Немцы окружили нас в этой деревне, нам ответить на стрельбу нечем: боеприпасов нет. Валенки мокрые. Деваться некуда. Радиостанцию дальше нести не могу. Решил утопить её. С одной стороны деревни крутая горка – мы полезли в неё. У немца мы как на ладони, он бьёт по нам на выбор, да ещё разрывными пулями. Рядом со мной ранило начальника санчасти, совсем молодого офицера. К нему на помощь пришла медсестра Катя: «Лейтенанта ранило, надо перевязать». Так они на этом склоне и остались. Только я залез на вершину, меня заметили, стали стрелять, пришлось лечь. Чувствую, в валенках идти не смогу. Бросил их и побежал по снегу босиком. Слева стреляют, справа тоже. Впереди наши запасные батальоны. Бегу, вижу: пушкарь наш стоит, только руками взмахнул и упал с пулей в груди. Когда добрался до своих, оказалось, что нас, таких счастливчиков, всего человек шесть. 

На третий день, когда немцы ушли из деревни, мы вернулись и похоронили погибших. Там были и молодой офицер, и медсестра Катя. 80 человек закопали в один ряд и 80 – в другой. Вот сколько человек погибло. Мы смотрели на смерть и каждую секунду ждали её для себя. Думали только о том, как победить этого врага и как спастись от него», – говорит Анатолий Галичев.

В Румынии он заболел малярией. Плюс к этому осколками гранаты была разорвана нога, ещё один осколок вошёл вместе с кусочками одежды в руку. Два месяца солдат приходил в себя. А после, узнав, что Анатолий отличный радиотехник, начальник госпиталя не стал выписывать его в армию, а оставил у себя. Ещё семь месяцев бывший пациент работал в госпитале: наладил кинопроектор и стал показывать раненым фильмы, провёл радио в каждую палату. Здесь и застала его победа. 

На этом служба нашего героя не закончилась, после госпиталя его распределили в разведуправление первого Украинского фронта, Анатолий Дмитриевич обеспечивал связь с Москвой. Почти два года ему пришлось прослужить за границей, прежде чем он вернулся в родной Куйтун. Домой солдат приехал только в конце 1946 года. Анатолий Дмитриевич признаётся, что ещё несколько лет война не отпускала его от себя. По ночам снились бои, каждый шум казался рёвом бомбардировщиков. Лекарство от этого, по мнению ветерана, простое – время, добрые отношения с людьми и напряжённая работа. 

«Интересные дела никуда не исчезают»

Вот и он недолго отдохнул дома, посидел за своим любимым занятием – сборкой радиоприёмников и других самоделок – и пошёл трудиться. 

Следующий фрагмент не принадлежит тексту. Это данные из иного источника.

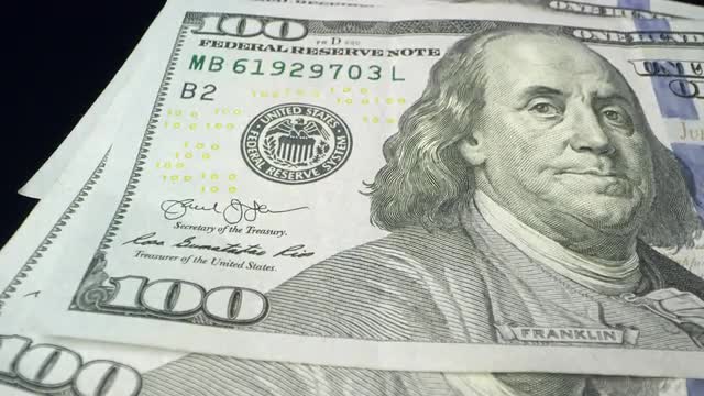 Moving over scattered pile of 100 dollar bills on table.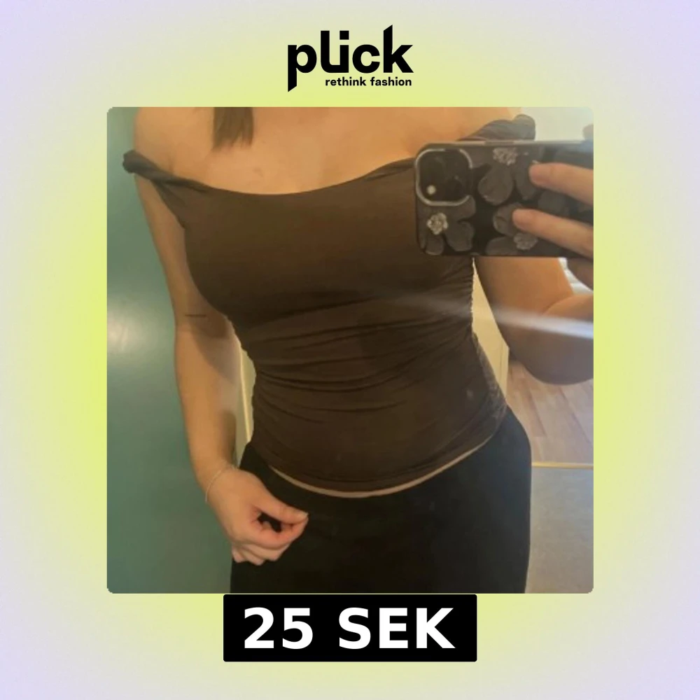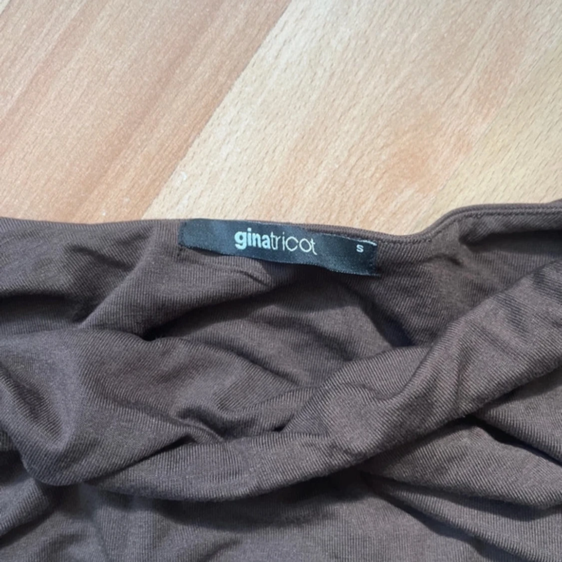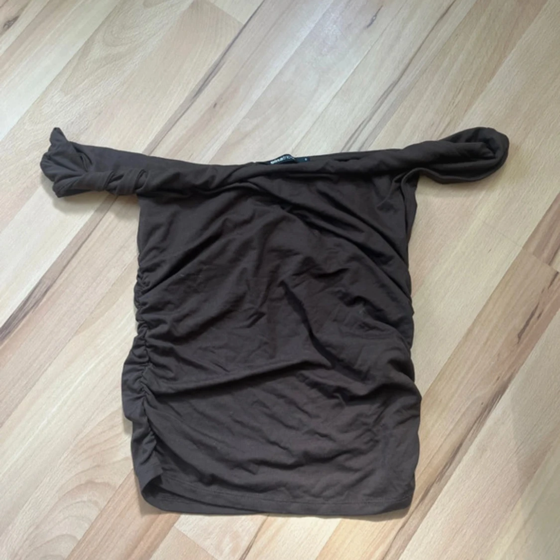Säljer en brun, tight offshoulder top från Gina Tricot. Den har rynkade detaljer på ena sidan och är tillverkad i mjukt stretchigt material. Perfekt för dig som vill ha en trendig och stilren look.

На прежнюю работу Анатолия не взяли: не было места. «Я имел право устроиться, но по своему характеру не мог потребовать, – рассказывает он. – Поэтому пошёл на почту, там отработал радиотехником два года, в 1949 году вернулся на железную дорогу, трудился электромехаником, потом старшим электромехаником».

На почте молодой фронтовик присмотрел себе жену, с которой вместе прожили больше полувека. «На почте девчат много, и легкомысленные, и красивые – разные. Валя серьёзная, умница была. Она на аппарате Морзе лучше меня умела. Познакомились, 2-3 вечера погуляли мы с ней, потом я спросил: «Замуж за меня пойдёшь?» Она согласилась. Мы с Валентиной Антоновной всё делали вместе: и сено косили для коровы, и в огороде работали, и дома. Потом дети пошли, их у нас четверо, помогать нам стали. Дочери нашли себя в медицине, работа сына тоже, можно сказать, связана с медициной, он работает электромехаником на станции скорой помощи».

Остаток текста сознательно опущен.